Part 2: A different kind of garage find
Although I'm not usually known for this particular quality, I can be quite persuasive. For instance, late last year, I convinced a dear friend of mine, who was set on buying a Honda Element or Subaru Outback (due to winter snow) to buy the exact opposite of what he originally wanted, a modified BMW M3. Which he purchased with me. At night. During a snowstorm.
It was quite a fine example, other than the godawful rust on the rear quarter panels. It detracted from the look of the car, but she was a runner, not a garage queen. Installed with the car were brand new fully adjustable Yellow Coilovers and a custom audio system with carbon fiber sub enclosure.

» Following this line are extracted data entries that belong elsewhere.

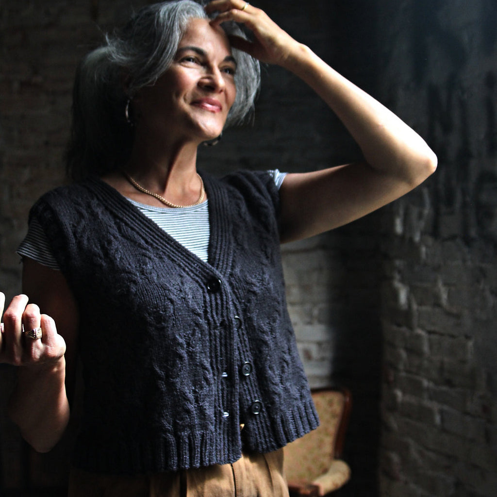 Cozy up with a classic this season! The Smokeshow Vest features an allover cable pattern, twisted rib button bands, and a timeless silhouette that pairs beautifully with anything in your wardrobe. We’re knitting ours in mYak Baby Yak Medium, whose soft hand and rich color make this piece quietly stunning - and a joy to knit.
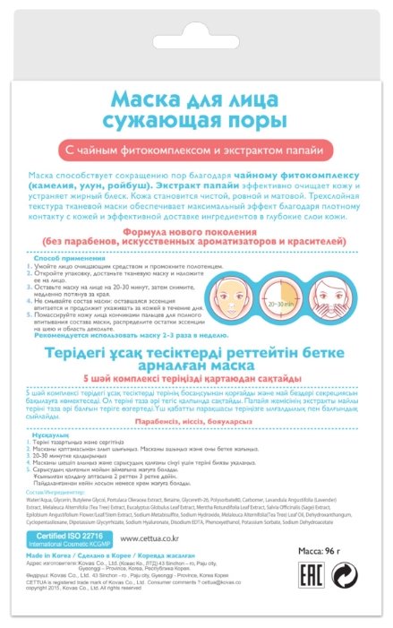 - Способ применения умойте лицо очищающим средством и промокните полотенцем. Откройте упаковку, достаньте тканевую маску и наложите ее на лицо. Оставьте маску на лице на 20-30 минут, затем снимите, медленно потянув за края. Не смывайте состав маски: оставшаяся эссенция впитывается и продолжит ухаживать за кожей в течение дня. Помассируйте кожу лица кончиками пальцев для полного впитывания состава маски, распределите остатки эссенции на шею и область декольте. Рекомендуется использовать маску 2-3 раза в неделю
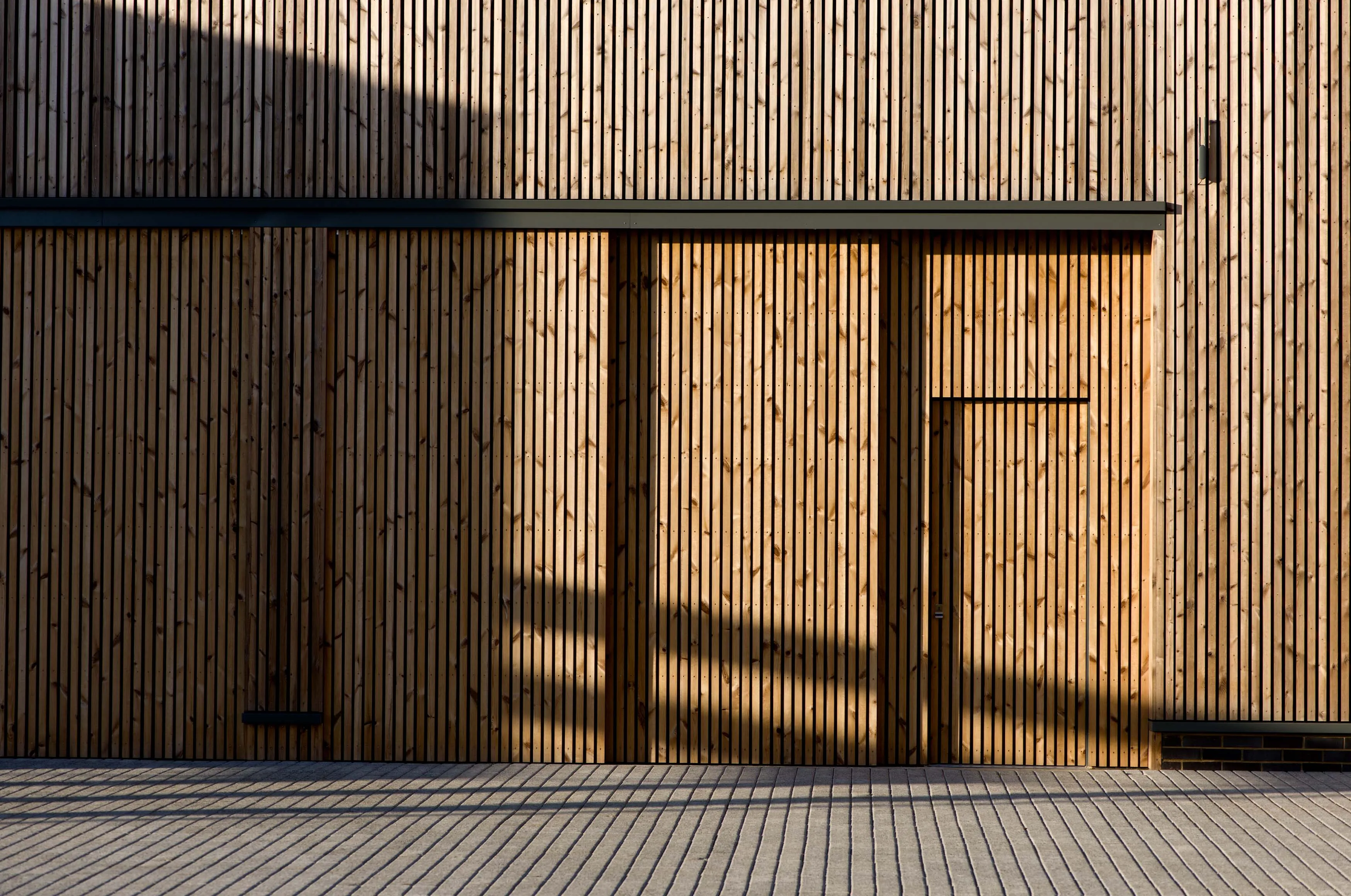 The courtyard overlooking the lake is a communal and versatile area, equipped with power supplies for street food, catering and music. The space is framed by walls of Thermowood battens, here running horizontally as opposed to the vertical cladding on the building, to gently differentiate.
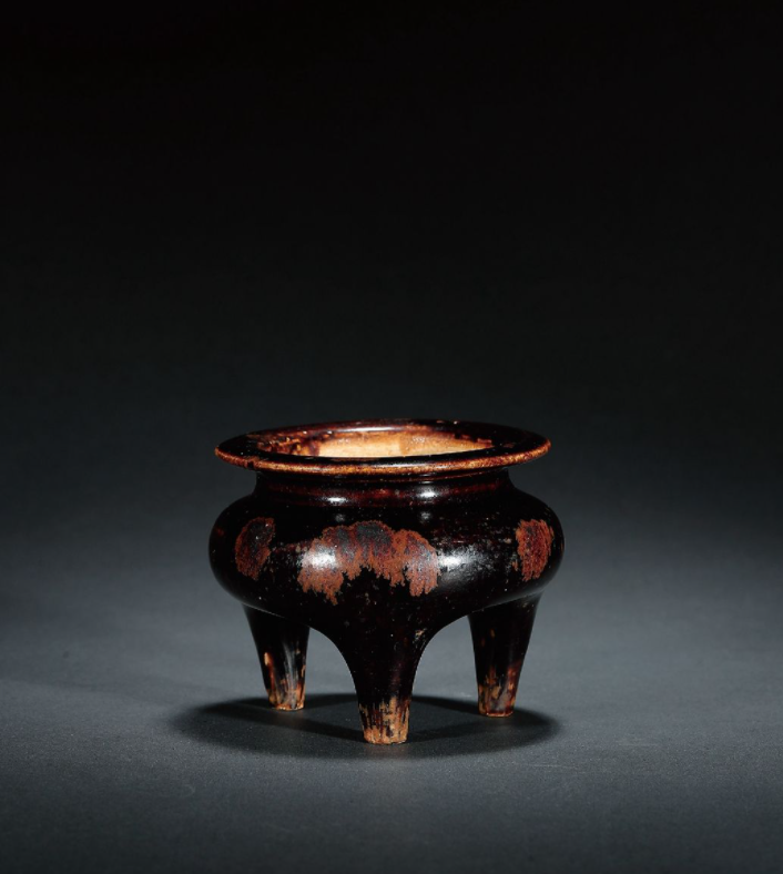 吉州窑黑釉铁锈花鬲式炉
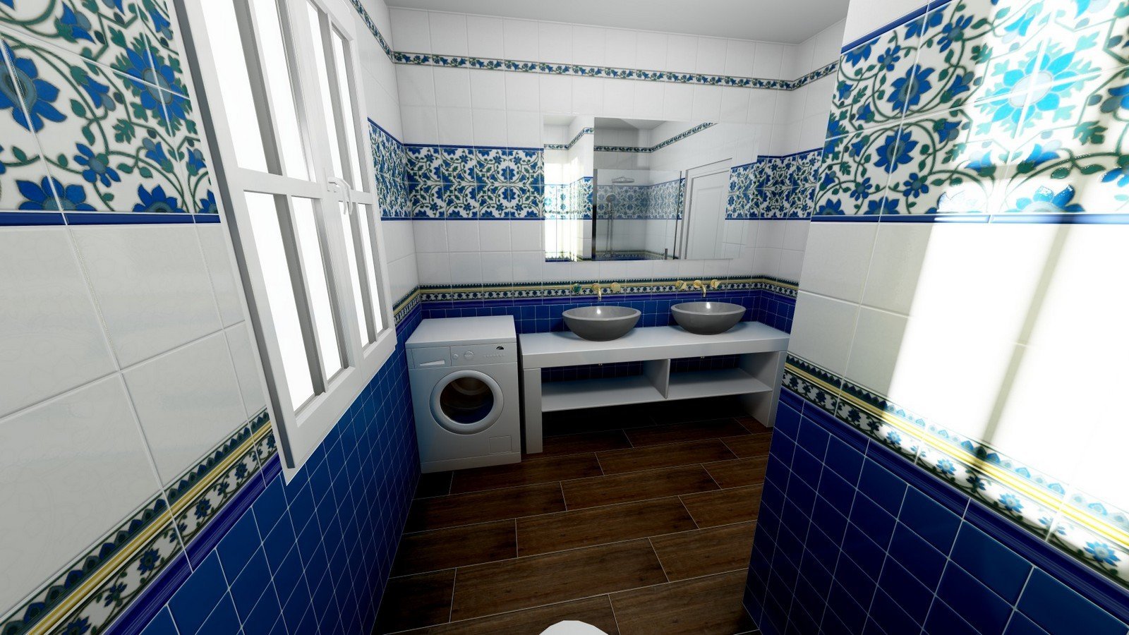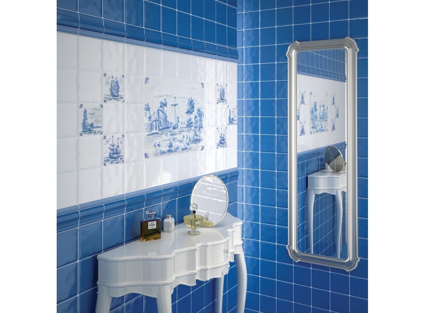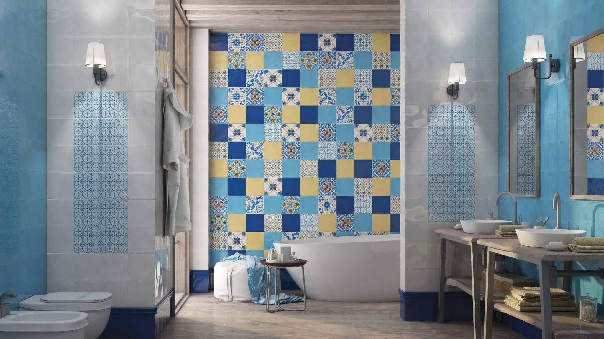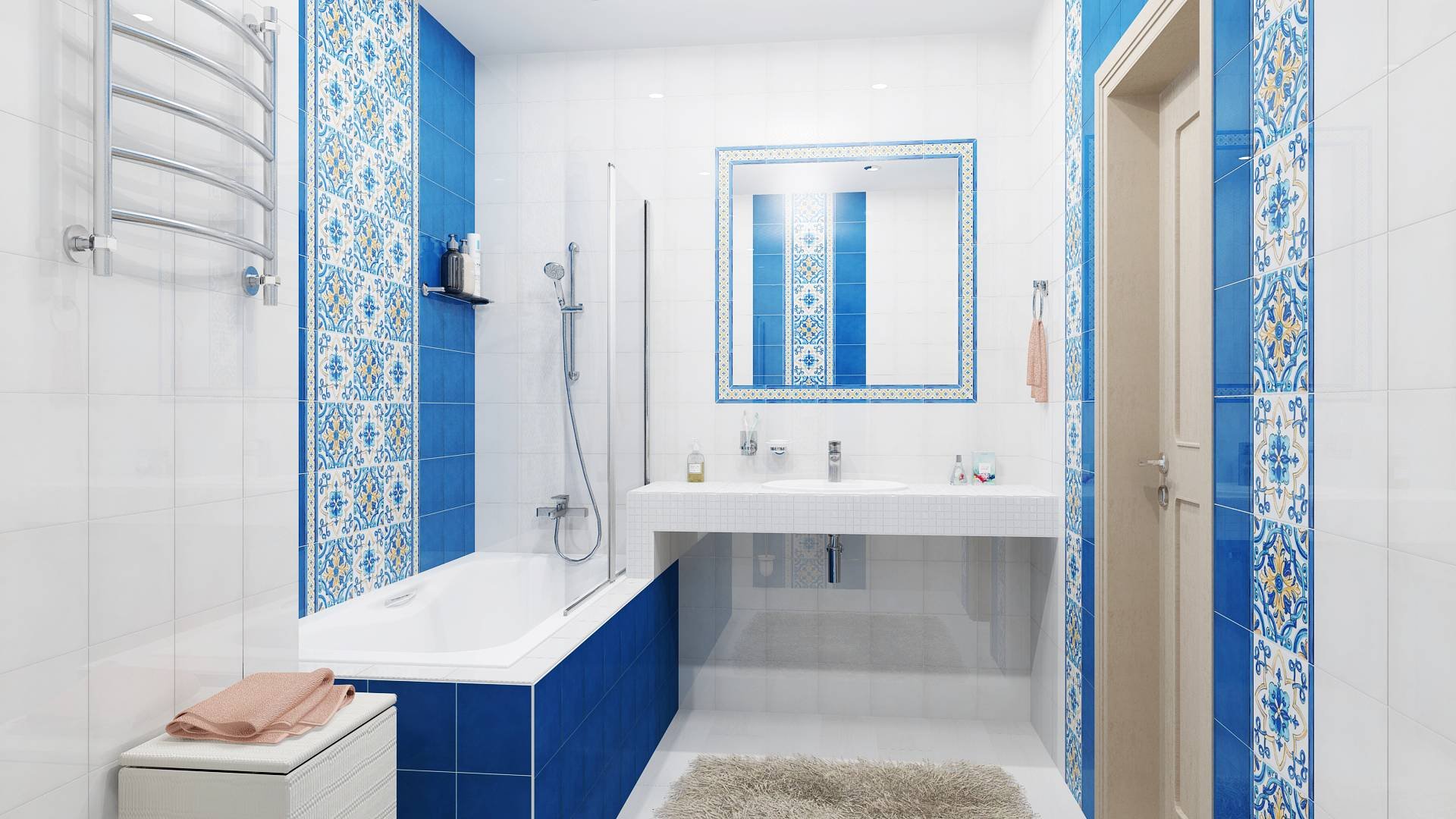 Ванна с орнаментом в голубых и синих тонах

He drove the M3 for a few months, then parked it at a friend's house during a New Year's Eve celebration. When it was time to depart, he came out to a car that was a bit more modified, but this time it was involuntary. Someone, likely full of the New Year's spirit and/or bath salts had taken a rather large vehicle and attempted to pizza when they should've french fried and left the front end of the M3 looking like a crumpled piece of paper. What was even more peculiar was that the note they must've left with their info apparently blew away, because nothing was on the windshield when the party was over. The car was drivable, but the fender was pushed in, making things a bit uncomfortable for driver that wanted to make both right AND left turns. The car was parked in his garage and the insurance adjusters paid him for the full value of the car, because they couldn't open the hood to assess the damage. My friend bought the car back for $500, and with the remaining money, bought an E39 540i 6spd that was such a good value for money, that if a law was instituted in which everyone was required to purchase one, I wouldn't have a problem with it.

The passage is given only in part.